Would you give again, exactly as written, the lines from the opening of the records to the line with "ကြယ်တာရာများပမာ ကောင်းကင်ယံအား လင်းလက်စေ", that line included and pictures excluded?

### Data extracts ###

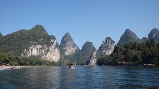 Vi fikk en fantastisk tur oppover Li-elva som er det mest gjengitte naturfenomet i malerier og fotografier fra Kina. På 20 yuan-seddelen er motiv fra Li-elva gjengitt på baksiden. Et gammelt ordtak sier at stedet har det fineste landskapet under himmelen, med sin klare elv, grønne bambus, og tårn av kalkstein.
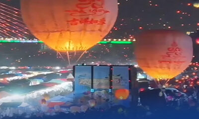ယူနန်ပြည်နယ် ရှစ်ဆောင်ပဏ္ဏားသင်္ကြန်ပွဲတော်တွင် မီးပုံးပျံပေါင်းသောင်းနှင့်ချီက ကြယ်တာရာများပမာ ကောင်းကင်ယံအား လင်းလက်စေ
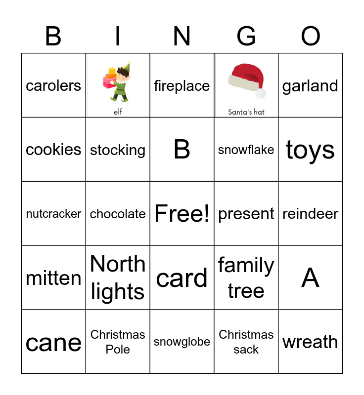 This bingo card has 2 images, a free space and 27 words: cane, bell, chocolate, gingerbread, carolers, fireplace, stocking, North lights, present, Christmas Pole, reindeer, wreath, snowglobe, Christmas sack, toys, chimney, card, mitten, garland, nutcracker, family tree, mistletoe, snowflake, cookies, A, B and C.
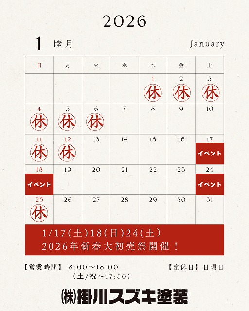 ショールームからのお知らせ〜2026年1月の営業日について〜
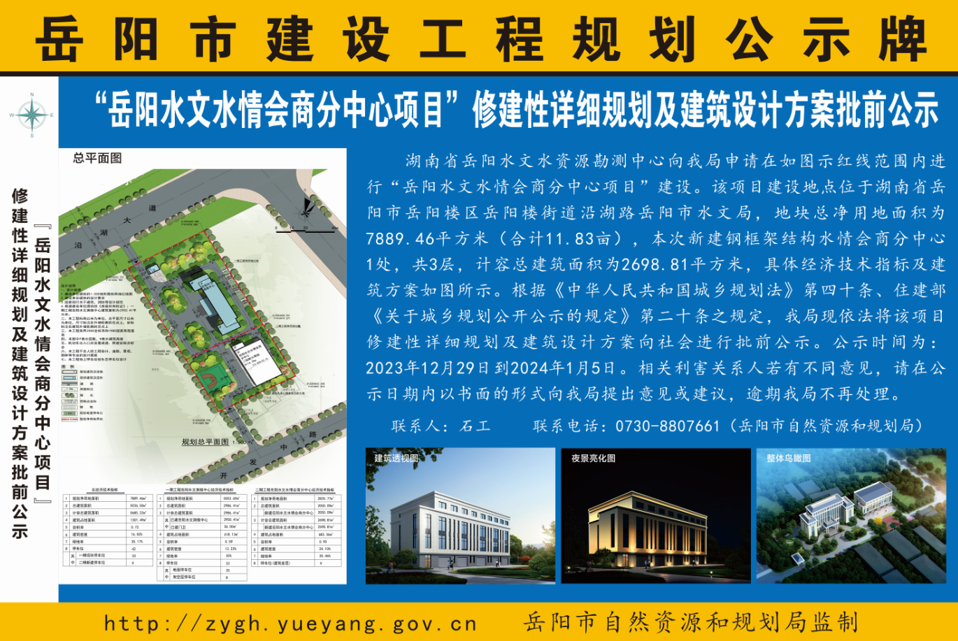 “岳阳水文水情会商中心项目”修建性详细规划及建筑设计方案批前公示
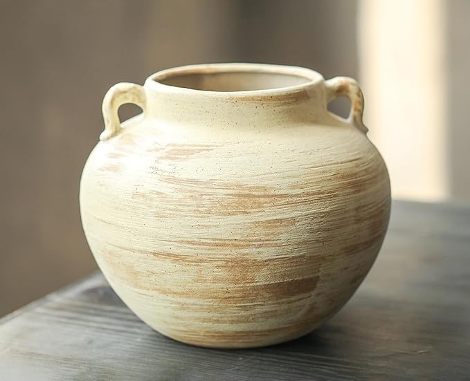 Handmade Beige White Two-Ear Ceramic Vase, Textured Pottery Vase with Two Ears for Centerpieces, Kitchen, Living Room, Bedroom Decor Gifts (Beige White, Short)
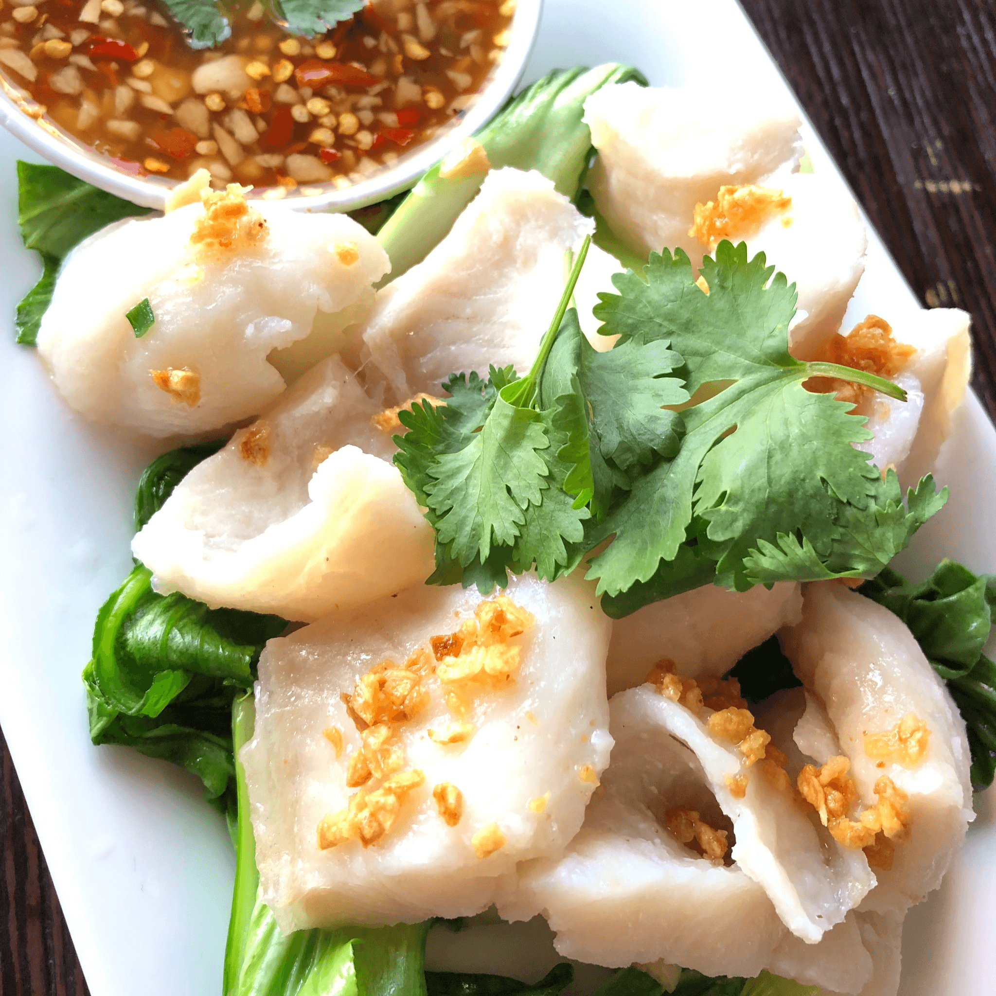 Steamed sole fish filet, steamed bokchoy. And toasted garlic with chili lime dipping sauce.
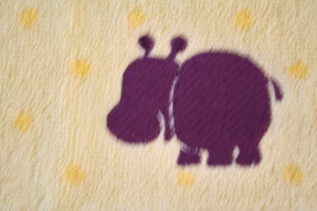 「HIPPOの仲間たち展」で、見つけたカバのオリジナルタオル。紫色が印象的だ。
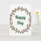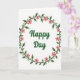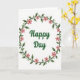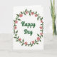 This card shows a white background with a circular wreath of thin green vines and leaves wrapped around the center. Inside the wreath, the words “Happy Day” sit in dark green, flowing cursive letters, placed right in the middle. The wreath is dotted with soft pink blossoms, and each flower has a tiny darker brown center that adds a sweet little detail. The petals look lightly painted, while the leaves and vines appear more solid in color, so the whole design feels gentle and balanced. It has the calm, hopeful feeling of a fresh spring morning, which makes it nice for cheering someone on or reminding them they’re loved. Even though the message is short, it can feel meaningful because it’s like offering a small moment of care and attention. It’s a simple way to say “I’m thinking of you” with ❤️. Share it to send Valentine’s Day feelings in a warm, caring way 🥰.
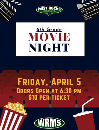 6th Grade will be sponsoring a Movie Night on Friday, April 5th, from 6:30 P.M. to 8:45 P.M. All West Rocks students are invited to attend. The cost to attend is $10. Proceeds will benefit the Grade 6 field trip to the American Museum of Natural History, and refreshments will be available for purchase. Students should complete permission slips and return them with $10 to purchase a ticket. Permission slips and tickets will also be available during all lunch waves starting Monday, April 1st.
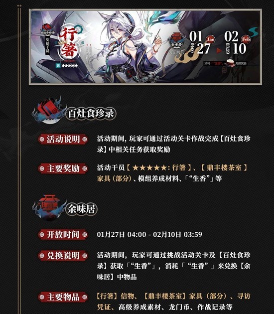 活动说明:活动期间,玩家可通过活动关卡作战完成[百灶食珍录]中相关任务获取奖励

###

**Answer to this exercise:**
 Vi fikk en fantastisk tur oppover Li-elva som er det mest gjengitte naturfenomet i malerier og fotografier fra Kina. På 20 yuan-seddelen er motiv fra Li-elva gjengitt på baksiden. Et gammelt ordtak sier at stedet har det fineste landskapet under himmelen, med sin klare elv, grønne bambus, og tårn av kalkstein.
ယူနန်ပြည်နယ် ရှစ်ဆောင်ပဏ္ဏားသင်္ကြန်ပွဲတော်တွင် မီးပုံးပျံပေါင်းသောင်းနှင့်ချီက ကြယ်တာရာများပမာ ကောင်းကင်ယံအား လင်းလက်စေ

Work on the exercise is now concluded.